Я смотрел на редко идущий снег, на столетние сосны, внезапно нависавшие над дорогой, на мелькавшее в разрывах туч отвесные мокрые скалы, и постепенно смысл моего настоящего положения становился для меня особенно ясным. О, зачем, зачем пикировался я с этим тонкогубым ассистентом Аркашей, зачем высмеивал пухлого профессора Афанасия Петровича, заставляя их отвечать на мои идиотские и неуместные в такой обстановке вопросы?! Зачем выставлял себя самоуверенной и сильной личностью, запросто раскатывающей в троллейбусах от одного города до другого, которой все нипочем, и которая имеет ответ на любые непростые вопросы. А ведь все обстояло не так: оба мои попутчика могли позволить себе понимать современный мир, как сплошной веселый пикник среди ярких весенних цветочков, могли позволить себе пикировку с больным и полоумным подростком, неизвестно как попавшим в этот снежный троллейбус. И сопровождавшая их Валерия тоже могла позволить себе находиться рядом с этими добродушными идиотами, вместо того, чтобы быть подругой какого-нибудь нищего поэта, или студента. Они все втроем предпочитали стыдливо не смотреть на все ужасы нашего мира, на кровь, на болезни и на танковые сражения, – потому, что на все это с высокой горки плевали.
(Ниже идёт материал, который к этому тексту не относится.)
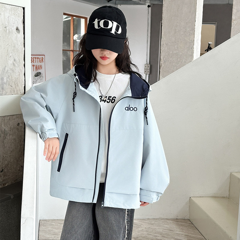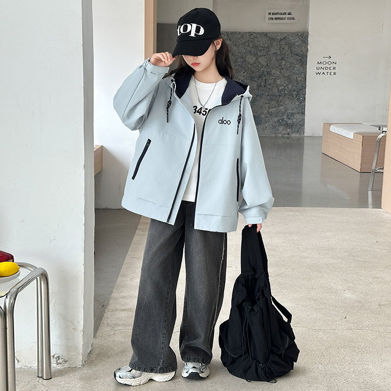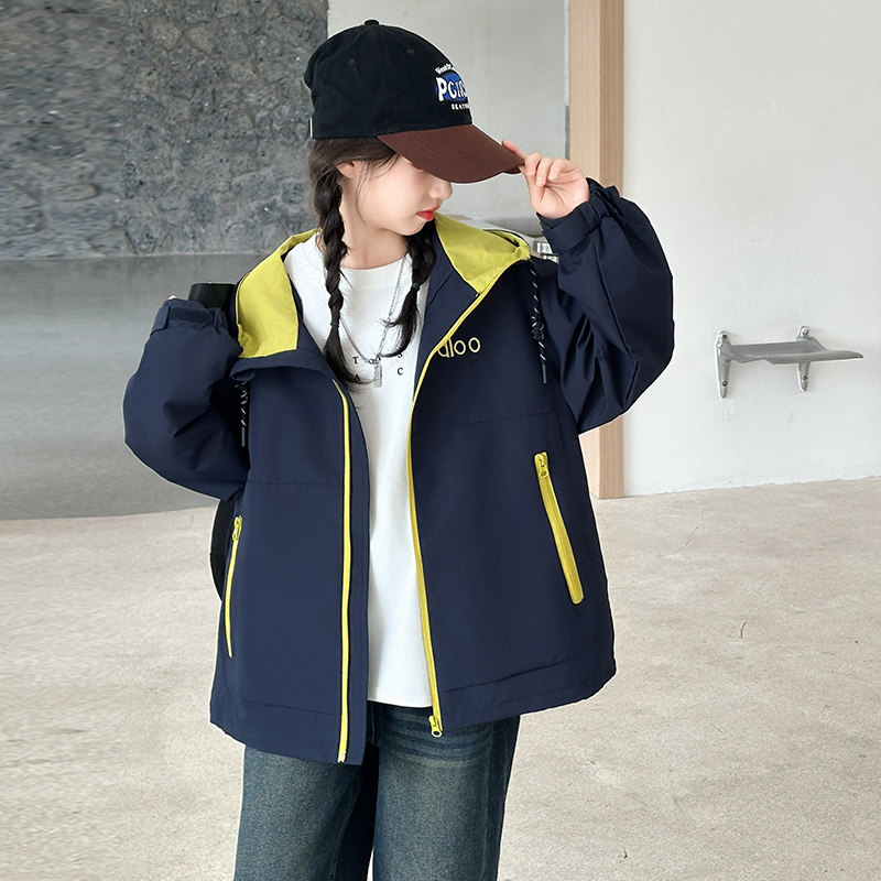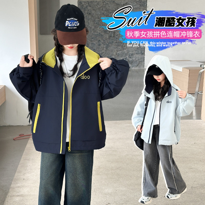 女童春装连帽冲锋衣2026新款中大童洋气时髦拼色外套初中生夹克潮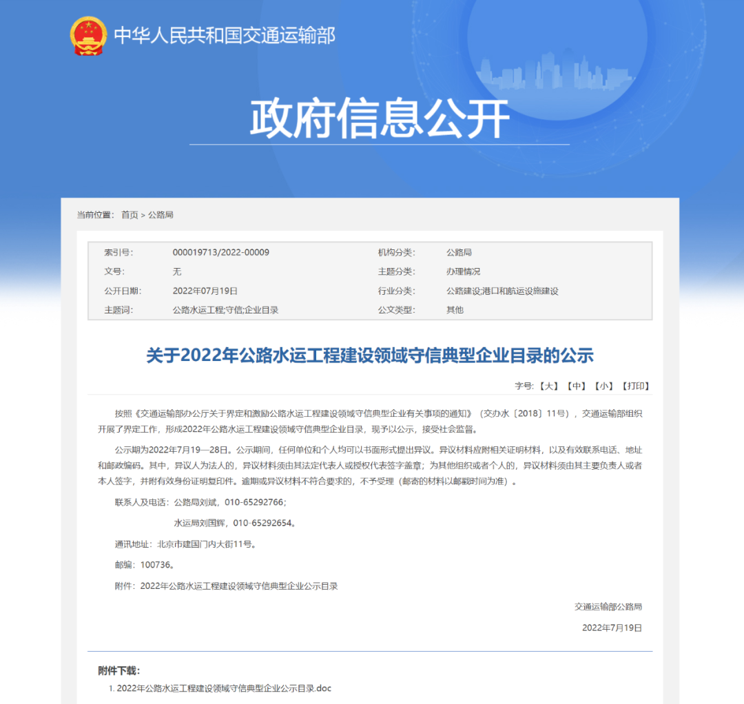近日,交通运输部公布了《关于2022年公路水运工程建设领域守信典型企业目录的公示》对获评公路水运工程建设领域守信典型的93家设计企业、93家施工企业、56家监理企业予以公示。甘肃省6家企业榜上有名,甘肃省交通工程建设监理有限公司是我省唯一一家上榜的监理企业。

Они были равнодушные, ленивые и пресыщенные, им просто было легче оставаться такими ленивыми и равнодушными, потому что реальная жизнь, та, в которой льется кровь и рвутся снаряды, та ужасная и страшная жизнь, в которой вешают партизан и насилуют гордых женщин, была для них непереносимой и страшной. Им было страшно, они боялись взглянуть правде в глаза, и, несмотря на свои рентгеновские аппараты, не видели вокруг ничего.
Как страусы, спрятавшие в песок свою голову. Они ничем не отличались от всех остальные, таких же до смерти перепуганных жизнью директоров школ, преподавателей химии, рентгенологов, пионерских вожатых, комсомольских активисток, уличных хулиганов, городских королей и нахальных соблазнителей молоденьких девушек. Им всем одинаково было страшно. Мне тоже, как и им, было страшно, я чувствовал, что общий, разлитый повсюду страх затягивает и меня в свою бездонную пропасть. Я чувствовал, что если не освобожусь от этого всеобщего страха, то очень скоро стану таким же, как все: равнодушным и согласным на все идиотом. Мне даже простят мою лекцию в школе, прогул уроков и прочие болезненные отклонения, меня, возможно, даже примут в банду Башибулара, и я, к радости низкорослых подонков, забью вместе с ними кастетами очередного нахального выскочку. А под конец, подобно несравненному Шурику, я лихо подсяду к простившей меня обнаженной Оле, поставив, таким образом, точку в своей нерешенной женской проблеме. Я решу ее, а следом за ней и все свои остальные проблемы, пожертвовав самой малостью: я стану таким же, как все. Таким же, как отец, или как Афанасий Петрович, считающие, что с помощью рентгеновского аппарата просвечивается и решается любая мировая проблема. Что палочка Коха, беспризорщина и проституция побеждается так же, как и все остальные мировые проблемы. Что вешать людей и насиловать женщин никто и никогда больше не будет; что война на земле больше не повторится; что капитализм уже прогнил окончательно, и на решительнее сражение с социализмом не отважится никогда; что все в мире прекрасно, как цветущая весной Моряковсая горка. Я стану похожим на всех, меня вновь полюбит ушедшая к Бесстрахову Катя, которая, естественно, со временем превратится в красавицу, подобно сидящей напротив Валерии. И мы, путешествуя с ней как-то зимой, захватив, разумеется, с собой для услуг какого-нибудь расторопного ассистента Аркашу, будем с удивлением и даже брезгливостью взирать на сидящего рядом подростка. Нахального, наивного и больного, полагающего, что можно прожить жизнь как-то иначе, и укоряющего нас за наши передовые и прогрессивные взгляды.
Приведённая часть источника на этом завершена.